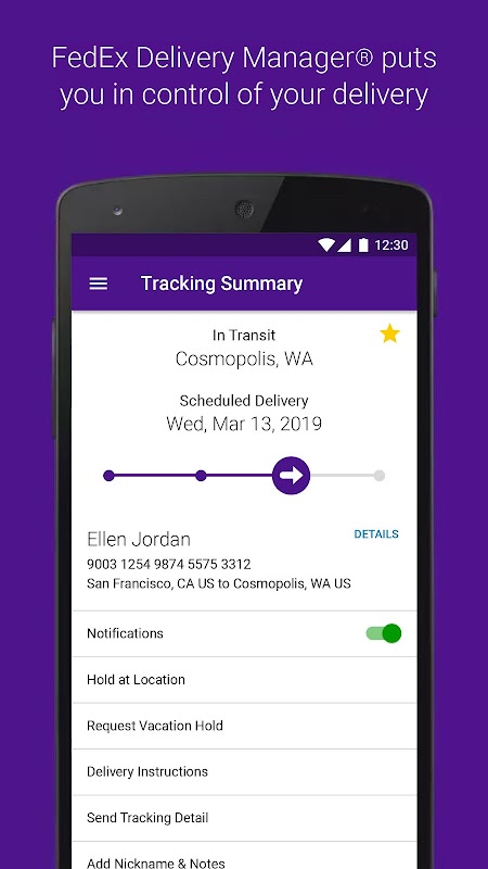 مدیر تحویل FedEx فقط برای تحویل مسکونی در ایالات متحده در دسترس است شما باید برای استفاده از ویژگی های انتخاب شده وارد برنامه FedEx Mobile شوید و در FedEx Delivery Manager ثبت نام کنید.
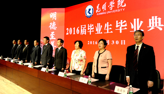 同学们在校期间,正处于学校建设发展的关键时期,我们共同迎来了转型、内涵、特色发展给学校带来的新机遇、新挑战;见证了学校本科教学工作合格评估的高质量通过和当选全国文明单位、转型试点高校、五一劳动奖单位的喜悦;你们看到了学校以服务云南省八大重点产业为抓手,向服务地方经济社会又迈出了坚实一步;你们和学长及老师们也用实际行动创造了毕业生就业率连续5年保持全省高校前列,连续7年荣获“云南省高校毕业生就业工作目标责任考核一等奖”的成绩。学校的发展和成绩的取得,与你们的努力是分不开的,我向你们表示衷心的感谢!目前,学校正紧紧围绕更名大学的目标,坚持转型发展、内涵提升、重点突破,为建设全国同类高校领先、办学特色鲜明的综合性应用型大学而努力。
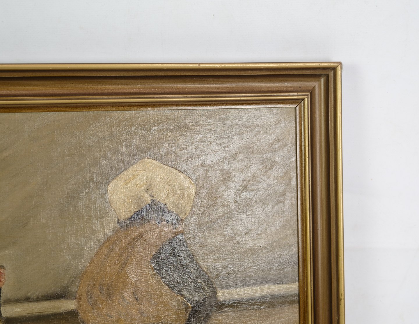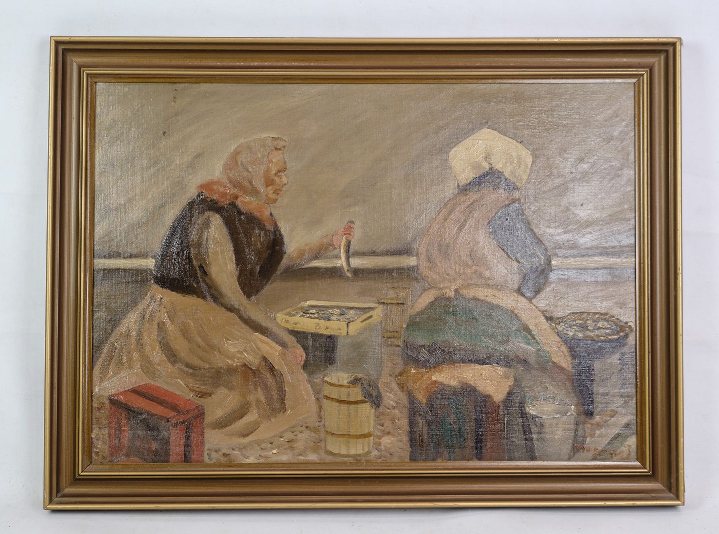 Oil painting painted on wooden plate with motif of fish wives from an old beach in Copenhagen from around the 1930s. Signed
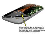 uSkins™ are self adhering vinyl skins that help prevent scratches and look great doing it. Unlike bulky silicon, plastic or metal cases and faceplates, uSkins are designed to be thin and very tough. uSkins are a composite of two layers of commercial grade materials. The bottom layer is a soft, flexible vinyl with a special removable adhesive that is easily positioned, applied without air bubbles, and effortlessly removed without leaving a sticky residue. Next we print the bottom layer with UV protected, fade resistant inks that deliver superb photo quality designs in vibrant colors. Finally we bond a professional grade laminate over the entire skin adding a glossy protective finish.

About this task
Word for word, give the data above again, without any images.

Response box
 مدیر تحویل FedEx فقط برای تحویل مسکونی در ایالات متحده در دسترس است شما باید برای استفاده از ویژگی های انتخاب شده وارد برنامه FedEx Mobile شوید و در FedEx Delivery Manager ثبت نام کنید.
 同学们在校期间,正处于学校建设发展的关键时期,我们共同迎来了转型、内涵、特色发展给学校带来的新机遇、新挑战;见证了学校本科教学工作合格评估的高质量通过和当选全国文明单位、转型试点高校、五一劳动奖单位的喜悦;你们看到了学校以服务云南省八大重点产业为抓手,向服务地方经济社会又迈出了坚实一步;你们和学长及老师们也用实际行动创造了毕业生就业率连续5年保持全省高校前列,连续7年荣获“云南省高校毕业生就业工作目标责任考核一等奖”的成绩。学校的发展和成绩的取得,与你们的努力是分不开的,我向你们表示衷心的感谢!目前,学校正紧紧围绕更名大学的目标,坚持转型发展、内涵提升、重点突破,为建设全国同类高校领先、办学特色鲜明的综合性应用型大学而努力。
 Oil painting painted on wooden plate with motif of fish wives from an old beach in Copenhagen from around the 1930s. Signed
 uSkins™ are self adhering vinyl skins that help prevent scratches and look great doing it. Unlike bulky silicon, plastic or metal cases and faceplates, uSkins are designed to be thin and very tough. uSkins are a composite of two layers of commercial grade materials. The bottom layer is a soft, flexible vinyl with a special removable adhesive that is easily positioned, applied without air bubbles, and effortlessly removed without leaving a sticky residue. Next we print the bottom layer with UV protected, fade resistant inks that deliver superb photo quality designs in vibrant colors. Finally we bond a professional grade laminate over the entire skin adding a glossy protective finish.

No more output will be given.